FAO-Generaldirektor Jacques Diouf beklagte den stark gesunkenen Anteil von Investitionen in die Landwirtschaft bei der Entwicklungshilfe: 1980 seien 17 Prozent der Gelder in den Agrarsektor geflossen, derzeit seien es nur fünf Prozent. Ausbleibende Investitionen in die Landwirtschaft in den vergangenen zwanzig Jahre seien für die mangelnde Ernährungssicherheit verantwortlich.

Töpfer: Hunger spaltet Menschheit
Der Vizepräsident der Welthungerhilfe, Klaus Töpfer, sieht den Anstieg des weltweiten Hungers als Beleg für eine Spaltung der Menschheit. Während die Mehrheit der Weltbevölkerung nicht wisse, ob sie am nächsten Tag genug zu essen habe, investierten die Menschen in den Industrieländern in die neuesten Diätkuren, damit sie und ihre Kinder nicht zu dick werden, sagte der frühere Leiter des Umweltprogramms der Vereinten Nationen (UNEP) am Donnerstagabend in Hamburg. Nach dem aktuellen Welthungerindex sind mehr als eine Milliarde Menschen unterernährt, fast alle Betroffenen leben in den Ländern des Südens.

"Hier geht es nicht um Almosen, sondern um eine ethische Verpflichtung und eine Sicherungspolitik für uns selbst", sagte. Dabei müssten auch die Entwicklung des weltweiten Klimas und die wirtschaftliche Teilhabe der Armen berücksichtigt werden. Wenn etwa Afrika die Möglichkeit hätte, nicht nur Rohstoffe, sondern auch weiterverarbeitete Güter zu exportieren, könnten die Menschen dort an der Wertschöpfung teilhaben, so Töpfer. Der Politiker nannte überdies die Bildung und Ausbildung von Frauen und Mädchen ein wirksames Instrument gegen Armut und Hunger. "Es ist sicher kein Zufall, dass die meisten Mikrokredite an Frauen vergeben werden", so der frühere CDU-Bundesumweltminister.

Ähnlich äußerte sich die Grünen-Politikerin Ulrike Höfken.
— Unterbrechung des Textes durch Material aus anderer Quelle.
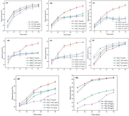 Effects of anions and natural organic matter in water on the removal rate of tetracycline in the Co-RM/PDS reaction system: (a) Cl−; (b) CO32−; (c) HCO3−; (d) HPO42−; (e) H2PO4−; (f) SO42−; (g) NO32−; (h) HA; on the removal rate of tetracycline in the Co-RM/PDS reaction system.

Sie warnte zugleich vor "Nutzungskriegen in unglaublichem Ausmaß". Eine Steigerung der Fleischproduktion sei genau der falsche Weg zur Bekämpfung des Hungers, sagte die Vorsitzende des Bundestags-Ernährungsausschusses. Höfken kritisierte zudem, dass in Entwicklungsländern riesige Landflächen von Industrienationen aufgekauft würden. Ebenso sei die Subventionspolitik der Europäischen Union nicht hinnehmbar.